Realigning with the less mercurial McLaren, he became world champion for a second time the following year.
Workaholic Mario Andretti was like most of us in thrall to Chapman’s genius but had to admit that they had been swept away in 1979 by wind tunnel figures that did compute on the track.
Swept aside by less ambitious/more pragmatic teams, he would not win again after a 1978 title year that ended with him being outshone by Lotus stand-in Jean-Pierre Jarier.
Nor would his successor Jody Scheckter win after Ferrari – its Michelins no longer able to compensate for a fundamental aerodynamic flaw – suffered a spectacular collapse in 1980.

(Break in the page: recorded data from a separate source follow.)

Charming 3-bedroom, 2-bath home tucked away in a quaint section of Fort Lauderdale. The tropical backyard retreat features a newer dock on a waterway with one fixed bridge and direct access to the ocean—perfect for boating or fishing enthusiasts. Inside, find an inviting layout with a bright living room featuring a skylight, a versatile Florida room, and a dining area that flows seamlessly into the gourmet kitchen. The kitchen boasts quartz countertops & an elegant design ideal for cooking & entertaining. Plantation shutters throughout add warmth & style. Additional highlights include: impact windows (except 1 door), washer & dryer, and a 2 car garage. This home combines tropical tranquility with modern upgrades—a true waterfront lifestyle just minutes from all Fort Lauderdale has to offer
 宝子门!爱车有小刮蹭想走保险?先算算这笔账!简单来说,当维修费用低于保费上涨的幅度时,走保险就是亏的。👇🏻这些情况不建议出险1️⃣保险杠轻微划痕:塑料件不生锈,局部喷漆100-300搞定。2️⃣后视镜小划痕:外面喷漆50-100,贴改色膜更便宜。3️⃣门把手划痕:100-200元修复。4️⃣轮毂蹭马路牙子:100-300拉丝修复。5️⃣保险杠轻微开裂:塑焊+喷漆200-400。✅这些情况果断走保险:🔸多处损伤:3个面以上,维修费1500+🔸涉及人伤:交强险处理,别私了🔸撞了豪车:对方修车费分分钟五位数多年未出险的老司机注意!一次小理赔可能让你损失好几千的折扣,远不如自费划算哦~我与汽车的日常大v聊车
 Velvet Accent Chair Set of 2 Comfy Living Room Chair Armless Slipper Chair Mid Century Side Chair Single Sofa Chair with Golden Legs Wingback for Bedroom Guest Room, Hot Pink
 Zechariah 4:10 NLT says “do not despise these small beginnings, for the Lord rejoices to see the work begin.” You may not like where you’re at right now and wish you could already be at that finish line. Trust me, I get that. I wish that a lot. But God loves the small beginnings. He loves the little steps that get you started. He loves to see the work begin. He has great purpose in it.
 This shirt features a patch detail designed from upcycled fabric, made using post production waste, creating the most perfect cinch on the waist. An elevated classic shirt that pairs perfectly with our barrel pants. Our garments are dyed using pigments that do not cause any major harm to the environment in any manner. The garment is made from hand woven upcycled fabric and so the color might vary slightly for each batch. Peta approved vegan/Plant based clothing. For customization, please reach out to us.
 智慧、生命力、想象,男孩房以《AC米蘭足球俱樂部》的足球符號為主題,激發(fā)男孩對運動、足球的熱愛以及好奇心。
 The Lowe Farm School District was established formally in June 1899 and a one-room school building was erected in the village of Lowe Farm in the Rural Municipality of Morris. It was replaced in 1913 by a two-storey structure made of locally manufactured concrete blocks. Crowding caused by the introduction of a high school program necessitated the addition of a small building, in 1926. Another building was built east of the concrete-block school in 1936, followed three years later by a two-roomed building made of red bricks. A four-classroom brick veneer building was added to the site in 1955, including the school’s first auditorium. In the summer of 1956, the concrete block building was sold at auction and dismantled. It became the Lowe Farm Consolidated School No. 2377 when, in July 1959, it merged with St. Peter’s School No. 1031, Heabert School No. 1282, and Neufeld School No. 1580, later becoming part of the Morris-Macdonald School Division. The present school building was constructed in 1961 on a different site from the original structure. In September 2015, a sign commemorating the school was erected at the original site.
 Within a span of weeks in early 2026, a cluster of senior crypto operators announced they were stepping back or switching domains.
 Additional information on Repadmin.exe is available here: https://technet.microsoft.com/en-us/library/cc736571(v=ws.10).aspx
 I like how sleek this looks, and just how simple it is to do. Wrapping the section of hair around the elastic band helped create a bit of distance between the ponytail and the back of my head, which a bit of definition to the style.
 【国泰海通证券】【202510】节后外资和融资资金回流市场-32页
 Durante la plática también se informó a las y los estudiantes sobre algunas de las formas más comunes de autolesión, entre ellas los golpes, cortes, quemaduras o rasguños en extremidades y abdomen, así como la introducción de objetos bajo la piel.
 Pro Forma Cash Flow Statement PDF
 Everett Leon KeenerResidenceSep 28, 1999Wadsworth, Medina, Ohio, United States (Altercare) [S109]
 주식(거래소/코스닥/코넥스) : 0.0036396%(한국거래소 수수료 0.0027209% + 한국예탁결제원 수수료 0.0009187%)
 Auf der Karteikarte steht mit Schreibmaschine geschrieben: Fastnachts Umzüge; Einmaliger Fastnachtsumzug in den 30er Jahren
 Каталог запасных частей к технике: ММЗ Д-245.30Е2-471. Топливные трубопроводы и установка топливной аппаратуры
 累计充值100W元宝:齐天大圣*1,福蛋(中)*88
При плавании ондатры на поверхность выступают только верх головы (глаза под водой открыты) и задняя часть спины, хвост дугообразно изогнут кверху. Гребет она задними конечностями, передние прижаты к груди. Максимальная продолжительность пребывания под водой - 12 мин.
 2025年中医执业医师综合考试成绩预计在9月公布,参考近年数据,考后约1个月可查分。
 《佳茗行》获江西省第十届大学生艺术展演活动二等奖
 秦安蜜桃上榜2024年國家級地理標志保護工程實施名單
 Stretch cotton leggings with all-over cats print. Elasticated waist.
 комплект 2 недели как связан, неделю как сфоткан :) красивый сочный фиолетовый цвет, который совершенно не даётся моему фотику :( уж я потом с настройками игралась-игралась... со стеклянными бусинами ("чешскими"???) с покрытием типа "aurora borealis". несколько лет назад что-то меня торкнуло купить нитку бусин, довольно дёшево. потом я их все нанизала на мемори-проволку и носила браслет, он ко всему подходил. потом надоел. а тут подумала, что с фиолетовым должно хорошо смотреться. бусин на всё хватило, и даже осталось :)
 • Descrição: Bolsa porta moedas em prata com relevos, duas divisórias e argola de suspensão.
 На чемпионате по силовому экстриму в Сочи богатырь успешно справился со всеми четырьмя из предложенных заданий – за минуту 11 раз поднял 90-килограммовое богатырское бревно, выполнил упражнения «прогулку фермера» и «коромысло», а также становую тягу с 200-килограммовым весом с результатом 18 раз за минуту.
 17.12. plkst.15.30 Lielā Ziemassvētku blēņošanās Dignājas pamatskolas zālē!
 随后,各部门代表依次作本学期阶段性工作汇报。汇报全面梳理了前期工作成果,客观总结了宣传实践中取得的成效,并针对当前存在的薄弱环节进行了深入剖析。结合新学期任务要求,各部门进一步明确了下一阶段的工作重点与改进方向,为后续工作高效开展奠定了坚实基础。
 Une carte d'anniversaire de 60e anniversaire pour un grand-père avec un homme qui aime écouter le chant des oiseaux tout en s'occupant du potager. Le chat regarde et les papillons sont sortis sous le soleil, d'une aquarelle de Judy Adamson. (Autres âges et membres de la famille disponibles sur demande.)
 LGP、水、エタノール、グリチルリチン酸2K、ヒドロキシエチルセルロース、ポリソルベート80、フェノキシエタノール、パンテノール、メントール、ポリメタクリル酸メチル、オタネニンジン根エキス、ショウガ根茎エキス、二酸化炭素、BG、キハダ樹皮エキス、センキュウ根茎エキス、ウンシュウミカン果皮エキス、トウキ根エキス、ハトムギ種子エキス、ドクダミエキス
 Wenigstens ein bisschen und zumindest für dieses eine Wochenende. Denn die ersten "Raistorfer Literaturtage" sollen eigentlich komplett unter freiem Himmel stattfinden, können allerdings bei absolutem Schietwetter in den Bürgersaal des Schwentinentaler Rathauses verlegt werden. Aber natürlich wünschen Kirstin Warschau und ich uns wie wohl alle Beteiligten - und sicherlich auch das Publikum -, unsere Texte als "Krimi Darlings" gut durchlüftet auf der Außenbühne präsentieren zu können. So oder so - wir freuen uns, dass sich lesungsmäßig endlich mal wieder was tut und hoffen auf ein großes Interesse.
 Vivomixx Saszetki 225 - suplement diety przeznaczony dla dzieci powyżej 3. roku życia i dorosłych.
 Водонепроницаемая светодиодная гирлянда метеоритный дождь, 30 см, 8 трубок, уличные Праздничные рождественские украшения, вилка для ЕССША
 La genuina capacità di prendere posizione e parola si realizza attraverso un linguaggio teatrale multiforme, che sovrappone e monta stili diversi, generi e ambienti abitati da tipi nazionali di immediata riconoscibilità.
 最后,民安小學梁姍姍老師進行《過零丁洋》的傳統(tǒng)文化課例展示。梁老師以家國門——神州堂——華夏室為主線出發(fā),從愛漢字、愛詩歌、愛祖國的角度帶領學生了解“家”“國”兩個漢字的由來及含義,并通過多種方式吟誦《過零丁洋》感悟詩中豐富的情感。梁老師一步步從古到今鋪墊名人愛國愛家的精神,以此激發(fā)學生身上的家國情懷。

The wildman-turned-businesslike South African reckoned he was driving as well as ever. Maybe so, but his efforts appeared tame compared to those of his team-mate.
One man’s knocks are another’s opportunity.
Having played the perfect wingman in 1979, Gilles Villeneuve grabbed an admittedly damaged Scuderia from a friendly rival reconsidering his future.
Having been rolled over by Michael Schumacher and Benetton in 1995, Damon Hill arrived in Adelaide for the last GP of the year refreshed in mind and body after a holiday in Bali and with a new outlook – having narrowly avoided drowning in shark-infested waters off Perth! He drove his Williams like the world champion he would become in 1996.
And having tossed – when perhaps he should have tipped – a cap at Hamilton at Austin in 2015, Nico Rosberg realised that maybe he was angrier with himself than he was with a team-mate who had twice monstered him from the lead and title race.
With nothing to lose and everything to gain, he reset his mindset and laid the foundations for a successful 2016 campaign with wins in Mexico, Brazil and Abu Dhabi – in 2015.
Hamilton’s startling recovery last Sunday suggests that his Q1 glitch at Interlagos is unlikely to descend into a dip. He’s even alluded to Michael Schumacher’s record – now ‘just’ 29 wins distant.
But can he sustain the necessary level?
Keep a great team with and around you; stay fit, focused and ahead of the technological, tactical and strategic aspects of the game.
It’s an operation requiring rare delicate robustness.
But, having learned the hard way from 2016, he is operating now at a height few have attained.
Whereas Valtteri Bottas – even had he won at Interlagos – is not yet at Nico Rosberg’s 2016 level.
Nor has been Vettel recently – until he won at Interlagos.
Vettel knows also the deepest depths of a dip and how the grind of four world titles can do that to a person.
Victory in Abu Dhabi, therefore, would be a powerful end to the beginning of his bid to win a fifth in 2018.
Ditto Hamilton.
‘Counting’ more for next year than this, it’s ‘double-points’ without the artificiality.